В Шрам явились тираниды. Они очищали каждый встреченный ими мир до голого камня, стремясь насытить древний могучий голод, а в процессе уничтожая человечество.
Согласно имперским обозначениям, это вторжение называлось флот-улей Левиафан — хотя управляющий им верховный разум не делал различий между частями своего тела. Для этого непостижимо огромного интеллекта Левиафан являлся лишь подобием руки или ноги. Если он и отделял эту конечность от других пожирающих Галактику групп организмов, то по признакам, слишком чуждым и недоступным пониманию людей.
Флоты-ульи явились из-за холодных просторов межгалактического пространства, двигаясь от одного места кормления к другому. Разум улья не знал и не желал знать, как называет себя пища, но в своей чуждой манере он заметил странности этого скопления добычи; здесь смешивались реальности разума и материальной формы. Несмотря на риск, это предвещало хорошую охоту в опасных рифах. Галактика кипела жизнью, и хищники жадно поглощали все ее потрясающее биологическое разнообразие.
С точки зрения людей, тиранидские воины бушевали уже почти половину тысячелетня. За это время были сожраны сотни имперских миров. Несколько меньших рас хищники поглотили целиком. Тысячи неизвестных планет за пределами Империума из живых миров превратили в каменные сферы, где никогда уже не появится жизнь. Если бы Верховные лорды Терры знали, насколько разрушительны ульи на самом деле, они, возможно, действовали бы быстрее. Подобно мифическим нашествиям саранчи на Старой Земле, враги опустошали все на своем пути. После каждого пиршества разум улья становился сильнее, впитывая генетические профили всего усвоенного и добавляя их способности к своим. С каждым новым съеденным существом увеличивался репертуар генетических приемов. Встреченные угрозы активировали механизмы адаптации. Методы становились более эффективными, флоты — более многочисленными. Его создания плодились и размножались, и миры Галактики преобразовывались в новые элементы для бесконечных роев. Угроза оказалась столь всеобъемлющей, что агрессивную расу объявили Periculo Summa Magna, и многие в высших эшелонах Империума оценивали их как наиболее серьезную опасность за всю историю существования человечества.
Они ошибались, но совсем ненамного.

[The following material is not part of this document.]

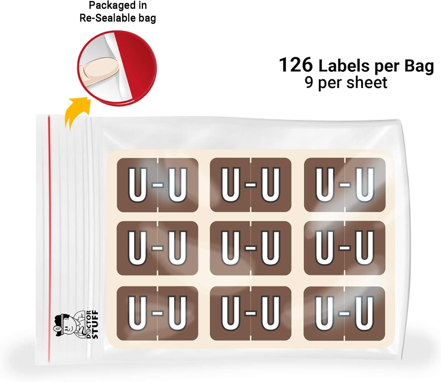 Doctor Stuff - File Folder Labels, Alphabet Letter U, Barkley/Sycom FABKM - BRAM Series Compatible Alpha Stickers, Brown, 1" x 1-1/2", 126 Labels/Package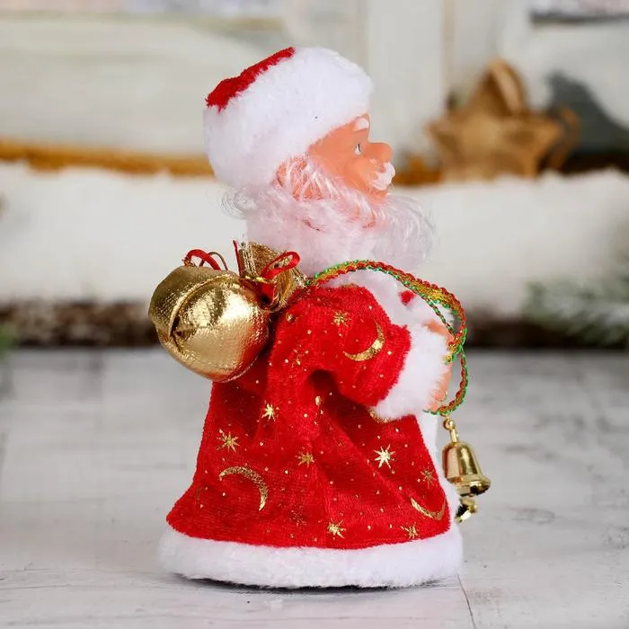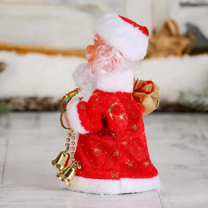 Дед Мороз под ёлку «Зимнее волшебство. Новогодняя игрушка в шубке, с колокольчиком» с подсветкой, двигается, 27 см — Характеристики

Тревожные годы оказались щедры на новые ужасы.
Тем не менее разуму улья случалось встретить сопротивление. Находились отважные мужчины и женщины — герои все до единого, — выступающие против него, невзирая на невозможность победить, и смерть становилась их единственной наградой.
Империум нес тяжелые потери. Победы случались редко. Во многих столкновениях космодесантники ордена Кровавых Ангелов отбивали атаки флота-улья Левиафан, отбирая его пищу, и иногда даже полностью уничтожали флоты-осколки. Разум улья отвечал на это так же, как и на любые угрозы в скоплении еды: создавал новых существ, способных одолеть защиту добычи, улучшал тех, которыми уже располагал, и изобретал новые стратегии. Все безуспешно. Даже вынужденные отступать, воины красной добычи продолжали сражаться. На Криптусе Кровавые Ангелы невероятным усилием уничтожили целое щупальце флота, но за этот, если честно, рядовой триумф пришлось заплатить богатой системой.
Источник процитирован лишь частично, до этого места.